----- Provided records

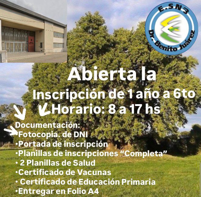 La Escuela de Educación Secundaria N°3 de Benito Juárez mantiene abierta la inscripción para el ciclo lectivo 2026 en todos los años de la escolaridad secundaria.
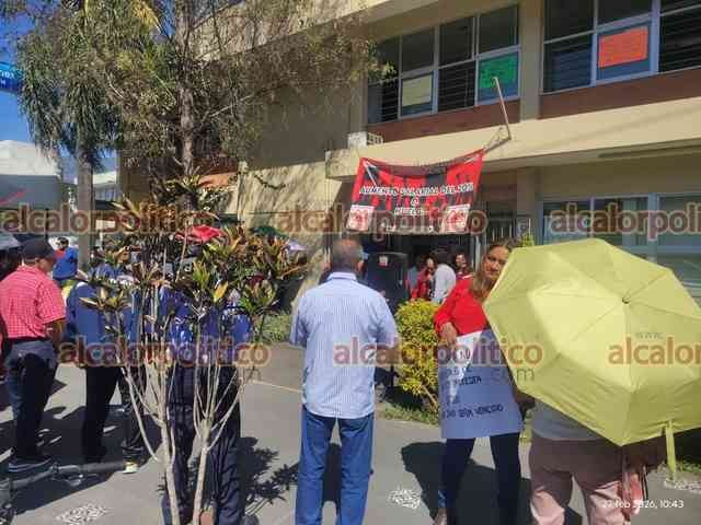 Xalapa, Ver., 27 de febrero de 2026.- Integrantes del SETSUV llevaron frente al Poder Judicial su protesta para exigir aumento salarial.
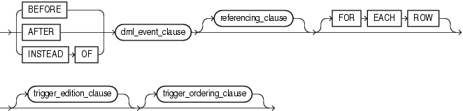 Creates the trigger as a row trigger. The database fires a row trigger for each row that is affected by the triggering statement and meets the optional trigger constraint defined in the WHEN condition.
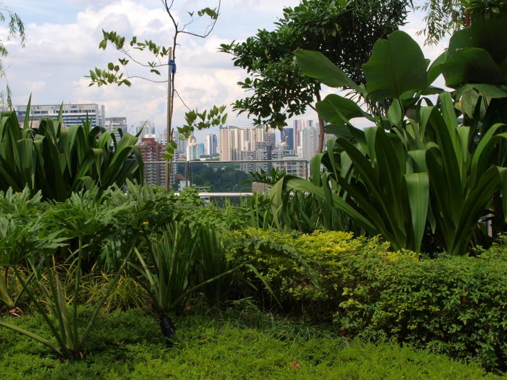 Om man trenger en pause fra på hektiske handlegata Orchard Road, kan man ta heisen opp til tolvte etasje på kjøpesenteret Orchard Central. Der ligger restauranter og en hage med en kunstig foss.
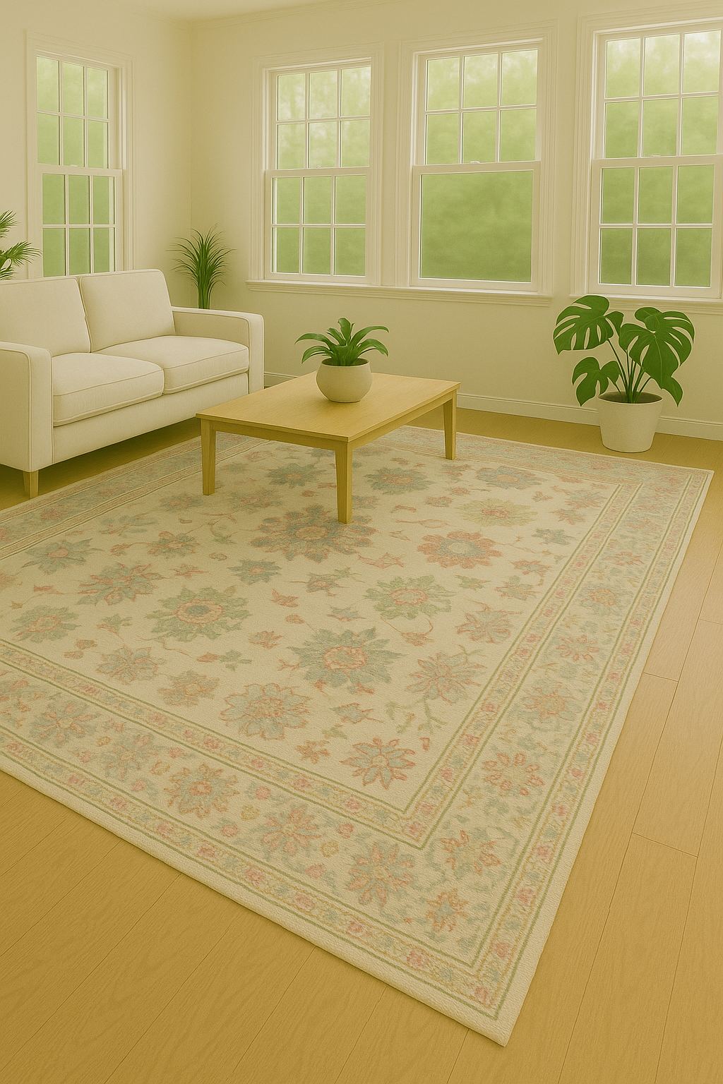 A graceful blend of tradition, craftsmanship, and timeless appeal—this Oushak rug will elevate the atmosphere of any room with its quiet grandeur.
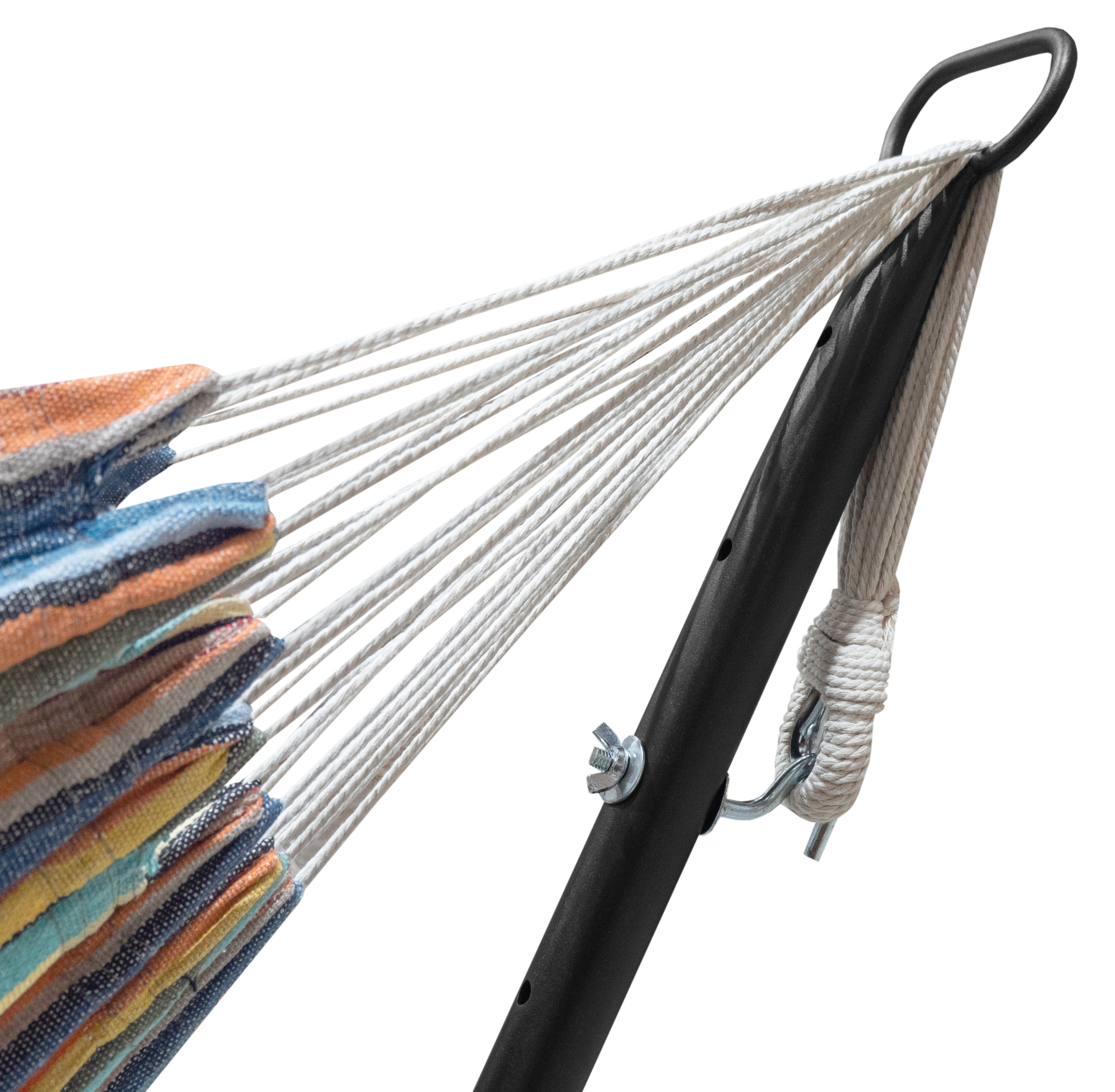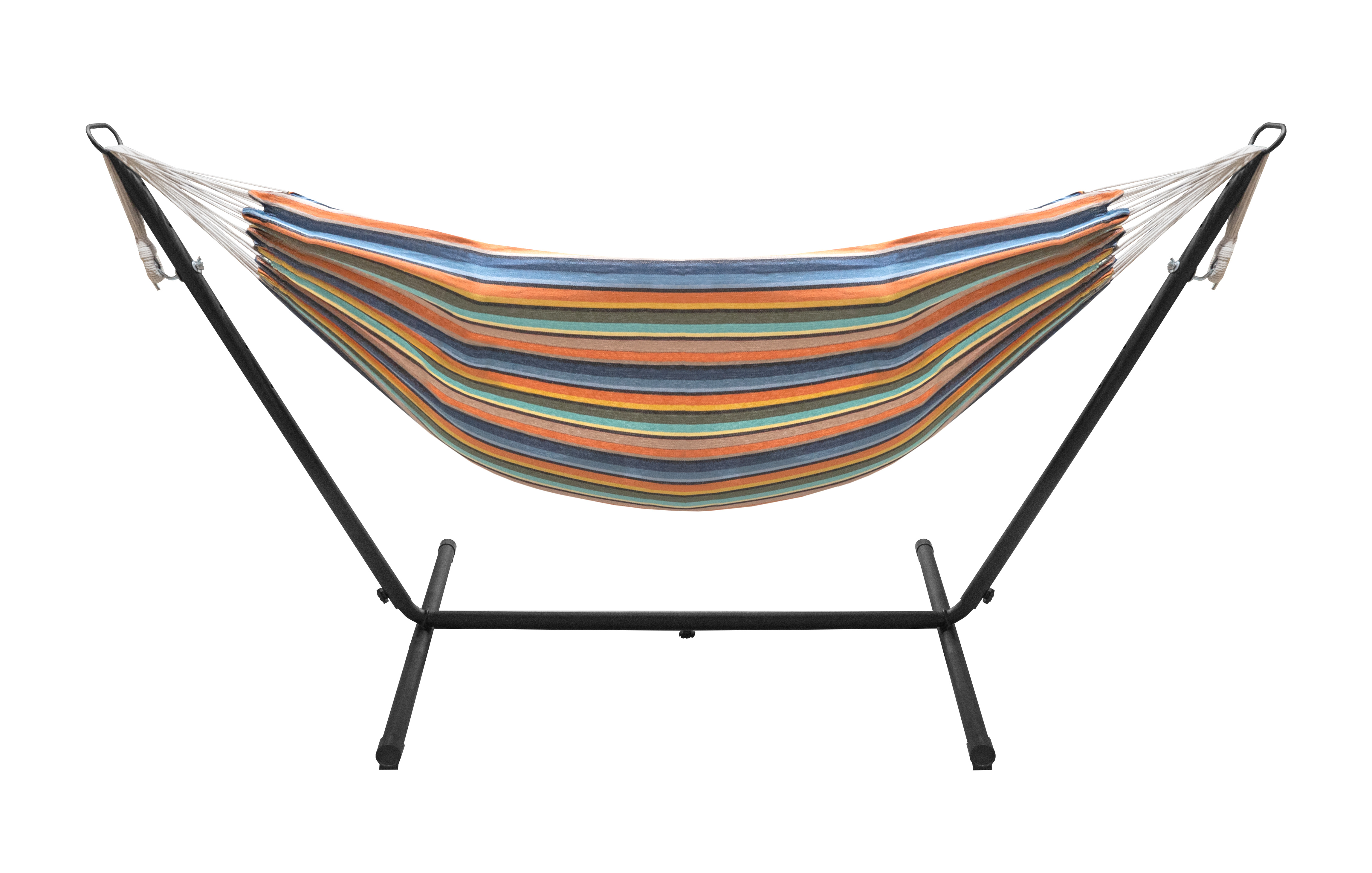 Sie müssen nicht mehr auf die Umgebungsbedingungen Rücksicht nehmen und einen geeigneten Platz für Ihre Hängematte suchen - sie wird mit einem Metallgestell geliefert und kann praktisch überall im Handumdrehen aufgestellt werden.

----------

*What is needed*
Print each record exactly as it stands, skipping the pictures.

*Result of the exercise*
 La Escuela de Educación Secundaria N°3 de Benito Juárez mantiene abierta la inscripción para el ciclo lectivo 2026 en todos los años de la escolaridad secundaria.
 Xalapa, Ver., 27 de febrero de 2026.- Integrantes del SETSUV llevaron frente al Poder Judicial su protesta para exigir aumento salarial.
 Creates the trigger as a row trigger. The database fires a row trigger for each row that is affected by the triggering statement and meets the optional trigger constraint defined in the WHEN condition.
 Om man trenger en pause fra på hektiske handlegata Orchard Road, kan man ta heisen opp til tolvte etasje på kjøpesenteret Orchard Central. Der ligger restauranter og en hage med en kunstig foss.
 A graceful blend of tradition, craftsmanship, and timeless appeal—this Oushak rug will elevate the atmosphere of any room with its quiet grandeur.
 Sie müssen nicht mehr auf die Umgebungsbedingungen Rücksicht nehmen und einen geeigneten Platz für Ihre Hängematte suchen - sie wird mit einem Metallgestell geliefert und kann praktisch überall im Handumdrehen aufgestellt werden.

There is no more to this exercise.